=== Begin Enclosure ===

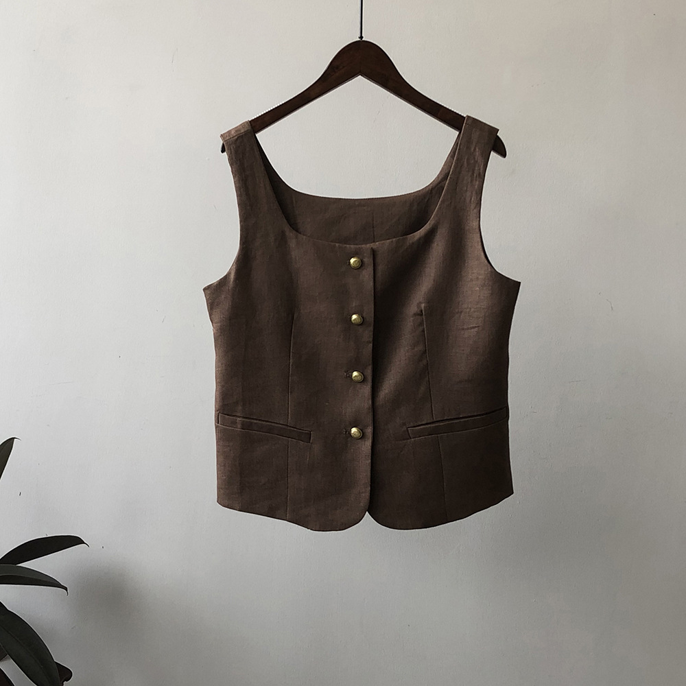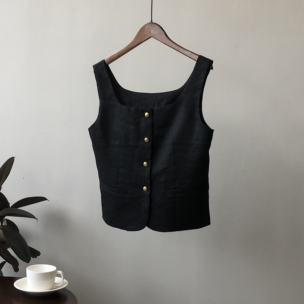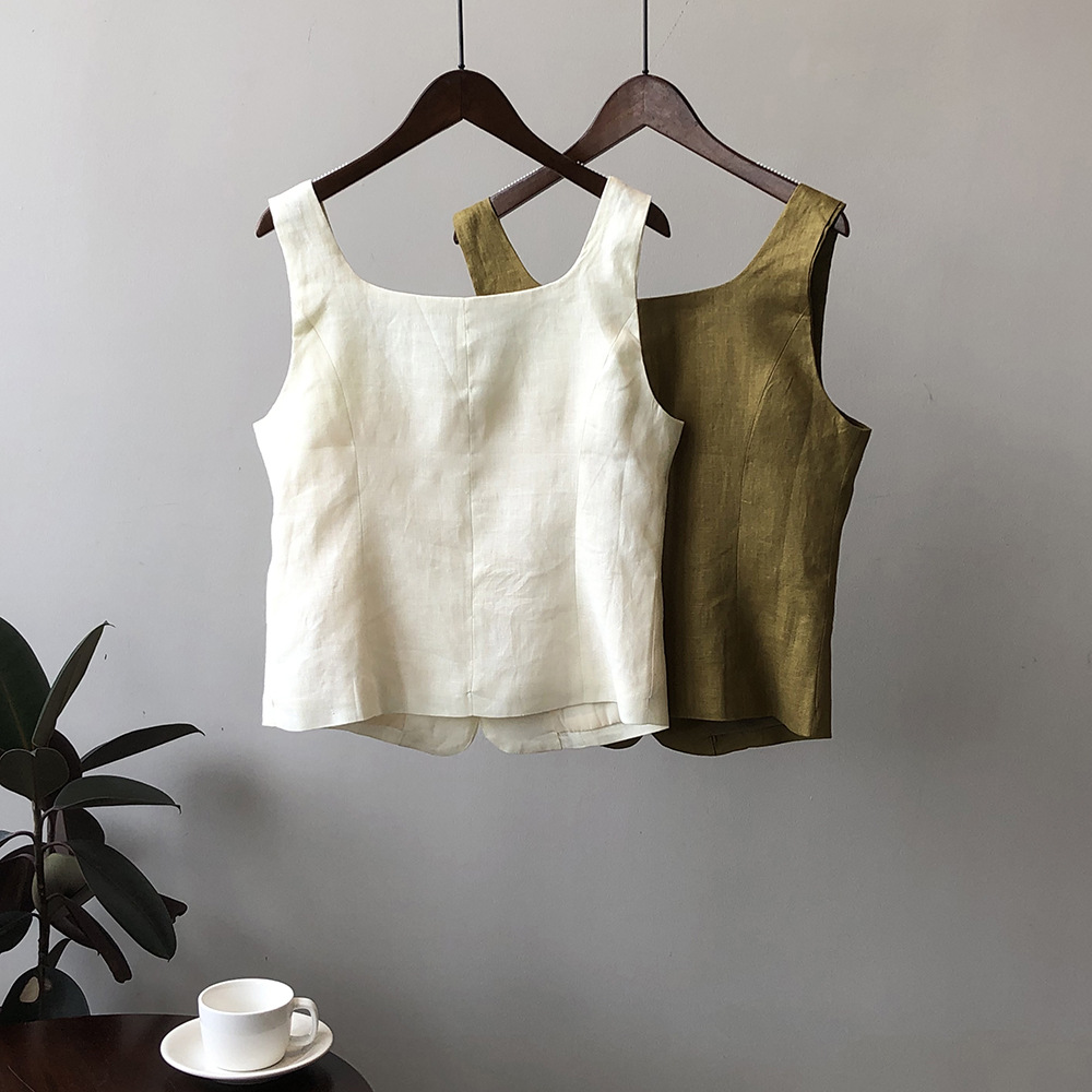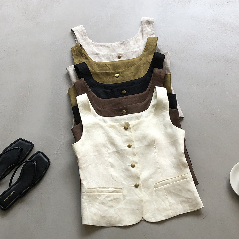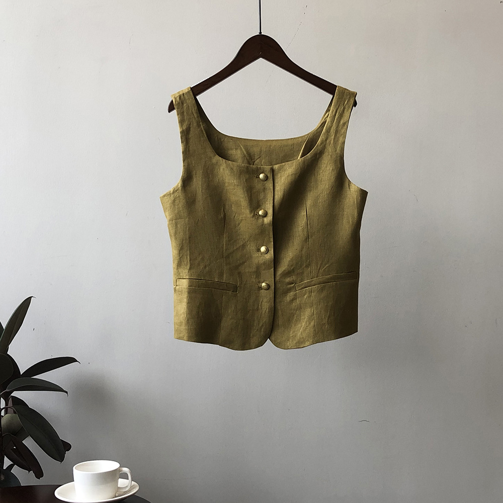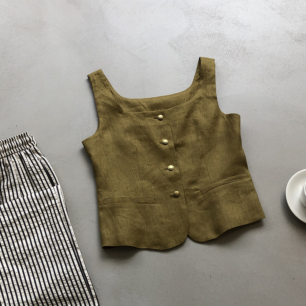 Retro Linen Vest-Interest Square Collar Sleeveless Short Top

=== End Enclosure ===
=== Begin Enclosure ===

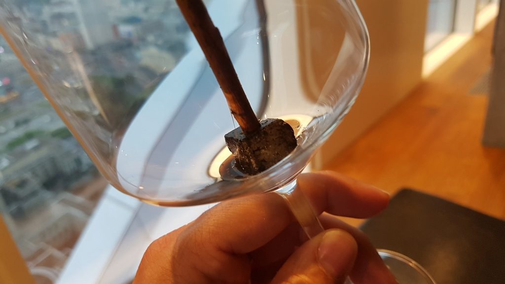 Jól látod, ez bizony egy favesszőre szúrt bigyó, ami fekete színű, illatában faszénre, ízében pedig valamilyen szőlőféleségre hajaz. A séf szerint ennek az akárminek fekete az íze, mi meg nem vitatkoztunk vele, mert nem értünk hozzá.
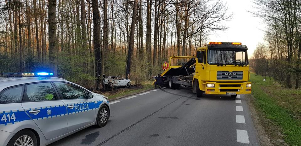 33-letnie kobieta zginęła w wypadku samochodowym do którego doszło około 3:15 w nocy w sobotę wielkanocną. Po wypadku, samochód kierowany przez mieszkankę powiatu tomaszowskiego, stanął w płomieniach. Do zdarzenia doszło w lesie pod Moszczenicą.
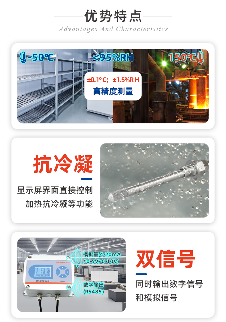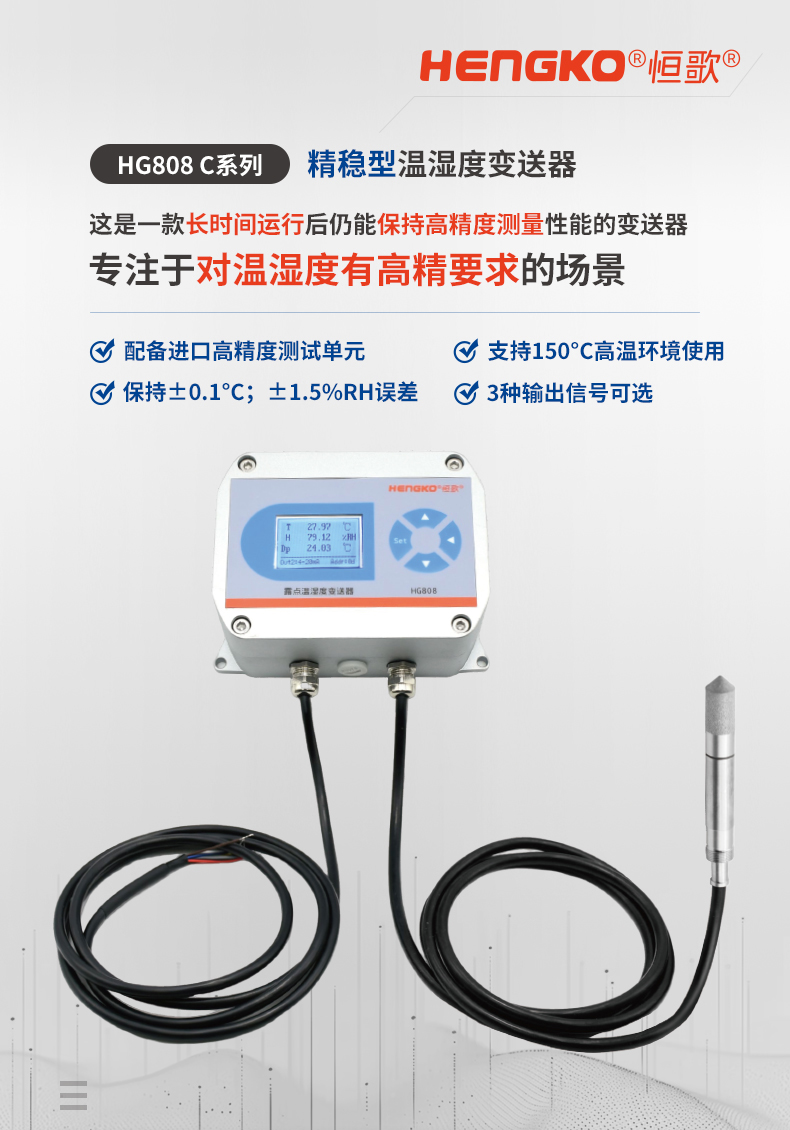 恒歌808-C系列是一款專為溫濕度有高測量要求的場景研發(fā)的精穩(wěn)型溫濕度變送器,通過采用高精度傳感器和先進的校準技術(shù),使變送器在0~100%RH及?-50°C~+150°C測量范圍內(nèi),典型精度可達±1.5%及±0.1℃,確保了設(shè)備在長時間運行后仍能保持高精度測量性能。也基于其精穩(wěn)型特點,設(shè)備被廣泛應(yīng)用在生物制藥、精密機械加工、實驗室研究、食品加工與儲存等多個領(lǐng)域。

=== End Enclosure ===
=== Begin Enclosure ===

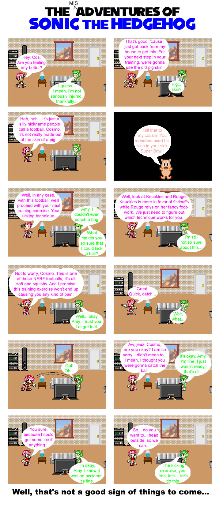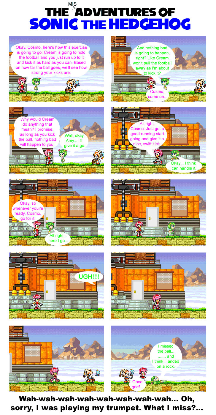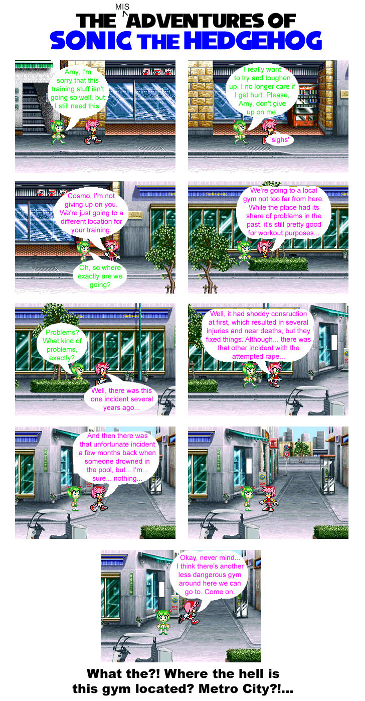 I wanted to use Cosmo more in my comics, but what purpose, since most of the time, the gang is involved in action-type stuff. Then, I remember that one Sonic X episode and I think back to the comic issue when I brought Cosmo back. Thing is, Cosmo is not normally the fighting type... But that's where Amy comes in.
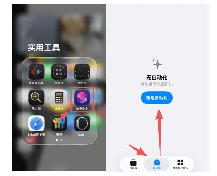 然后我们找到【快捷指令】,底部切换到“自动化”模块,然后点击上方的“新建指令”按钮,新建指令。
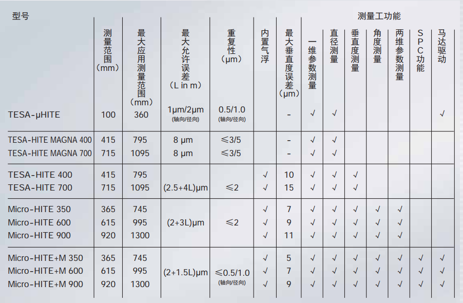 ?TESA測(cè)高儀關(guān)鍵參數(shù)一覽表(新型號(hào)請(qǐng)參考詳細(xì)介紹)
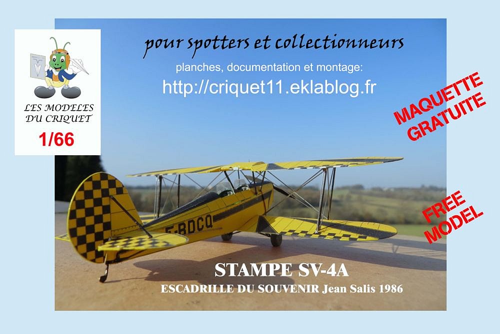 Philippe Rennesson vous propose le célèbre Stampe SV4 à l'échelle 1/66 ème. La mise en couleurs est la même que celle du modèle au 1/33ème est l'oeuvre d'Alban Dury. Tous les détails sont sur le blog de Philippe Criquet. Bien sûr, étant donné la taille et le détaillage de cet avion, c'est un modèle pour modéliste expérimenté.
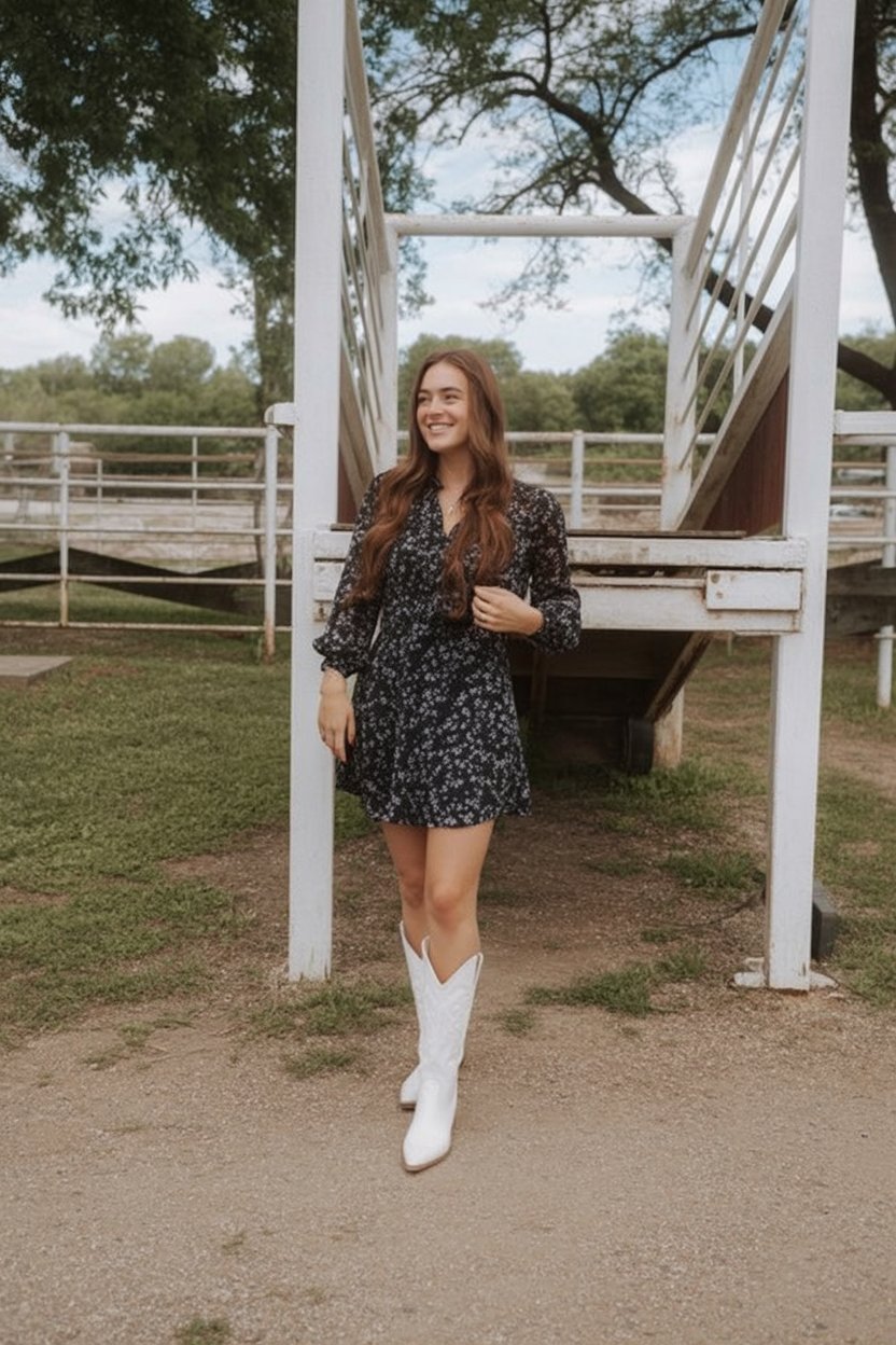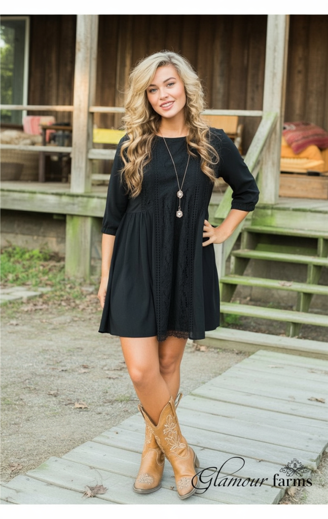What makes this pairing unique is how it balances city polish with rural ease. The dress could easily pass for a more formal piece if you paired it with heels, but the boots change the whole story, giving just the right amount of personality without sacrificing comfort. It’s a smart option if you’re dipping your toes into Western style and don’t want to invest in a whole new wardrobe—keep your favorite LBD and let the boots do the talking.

=== End Enclosure ===

Among the entries above, locate the line with "然后我们找到【快捷指令】,底" and the line with "Philippe Rennesson vous". Give those two lines and all lines between them again, exactly, leaving out the pictures.

 然后我们找到【快捷指令】,底部切换到“自动化”模块,然后点击上方的“新建指令”按钮,新建指令。
 ?TESA測(cè)高儀關(guān)鍵參數(shù)一覽表(新型號(hào)請(qǐng)參考詳細(xì)介紹)
 Philippe Rennesson vous propose le célèbre Stampe SV4 à l'échelle 1/66 ème. La mise en couleurs est la même que celle du modèle au 1/33ème est l'oeuvre d'Alban Dury. Tous les détails sont sur le blog de Philippe Criquet. Bien sûr, étant donné la taille et le détaillage de cet avion, c'est un modèle pour modéliste expérimenté.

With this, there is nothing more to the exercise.